Given data:
Assume \(100 \,\text{g}\) of solution.
Mass of HNO\(_3\) in 100 g solution = \(69 \,\text{g}\).
Molar mass of HNO\(_3\) = \(1 + 14 + 3 \times 16 = 63 \,\text{g mol}^{-1}\).
Number of moles of HNO\(_3\) in \(69 \,\text{g}\):
\[ n = \frac{69}{63} \approx 1.095 \,\text{mol} \]

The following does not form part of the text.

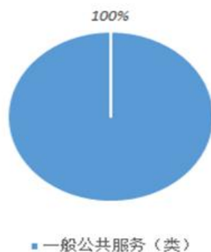
财政拨款支出决算结构情况

2019 年度财政拨款支出 161 万元，主要用于以下方面：一般公共服务（类）支出 161 万元，占 100%；公共安全类（类）支出 0 万元，占 0.00%；教育（类）支出 0 万元，占 0.00%；科学技术（类）支出 0 万元，占 0.00%；社会保障和就业（类）支出 0 万元，占 0.00%；住房保障（类）支出 0 万元，占 0.00%。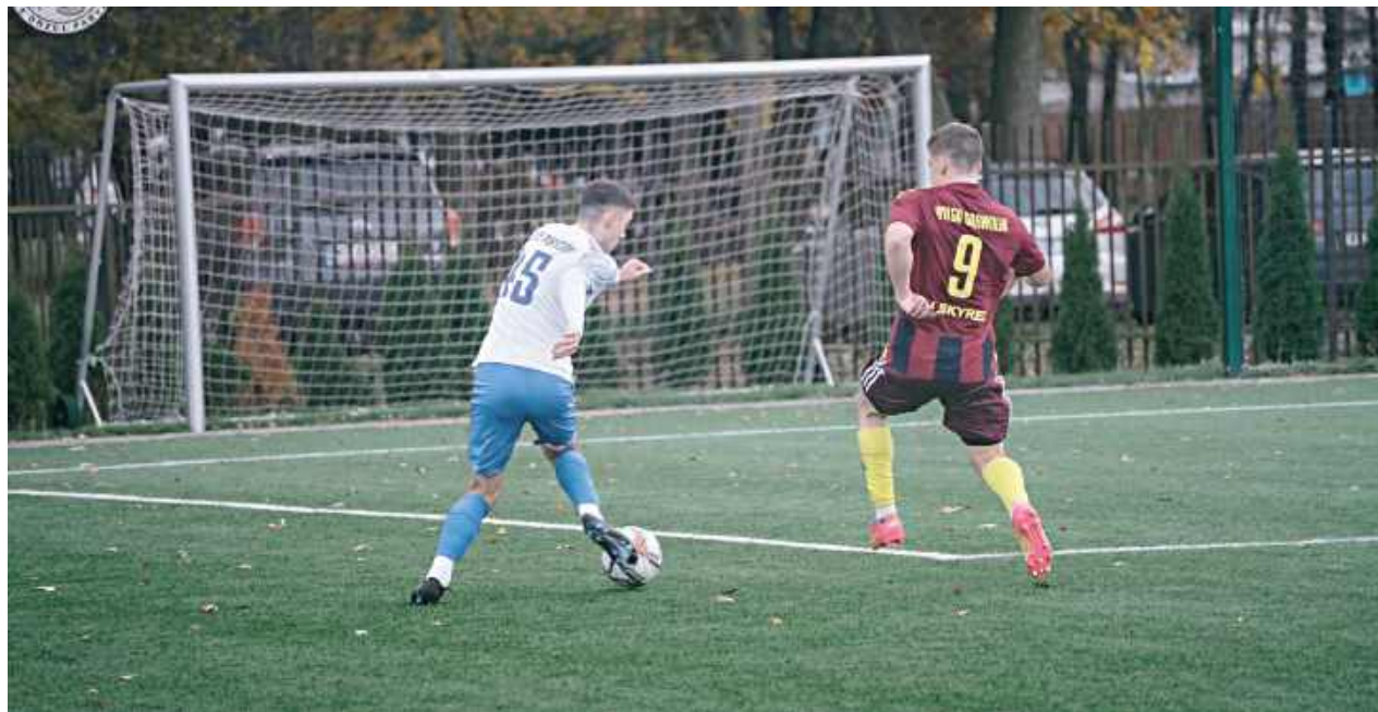
Orzeł Parysów po rewelacyjnej jesieni powrócił do treningów. Podopieczni Piotra Talara w zimie zaznali już każdego możliwego rezultatu

Lider już trenuje, co więcej, gra tak jak przyzwyczał kibiców. Trzy mecze, a w nich łącznie 22 bramki, dwanaście strzelonych, dziesięć straconych. To bilans, z którym zdecydowanie mogą utożsamić się kibice Orła Parysów. Ich zespół przyzwyczał, że na mecz nie wychodzi z pomysłem, by kurczowo bronić się pod własną bramką. W tym sezonie ten trend nieco się odwrócił. Owszem, „Paryżanie” aplikują rywalom absurdalną ilość goli, bo aż 50 w trzynastu meczach, dość powiedzieć, że o osiem więcej niż kolejny najskuteczniejszy zespół! Poprawiła się jednak również defensywa, która, wraz z Wisłą Dziecinów, jest najlepsza w lidze. Nieco inaczej wygląda to w sparingach, bo tutaj radosne strzelanie stało się znakiem rozpoznawczym „biało-niebieskich”. Jako pierwsi postrzelali z nimi zawodnicy akademii SportsMate360. Tutaj górą po dublecie Dominika

Density \( \rho = \dfrac{\text{mass}}{\text{volume}} \Rightarrow \text{volume} = \dfrac{\text{mass}}{\rho} \).
\[ V = \frac{100 \,\text{g}}{1.41 \,\text{g mL}^{-1}} \approx 70.92 \,\text{mL} \]
\[ 70.92 \,\text{mL} = 70.92 \times 10^{-3} \,\text{L} = 0.07092 \,\text{L} \]
Molarity \(M\) is given by \( M = \dfrac{\text{moles of solute}}{\text{volume of solution in L}} \).
\[ M = \frac{1.095}{0.07092} \approx 15.4 \,\text{mol L}^{-1} \]
The concentration of nitric acid in the sample is approximately 15.4 mol L\(^{-1}\).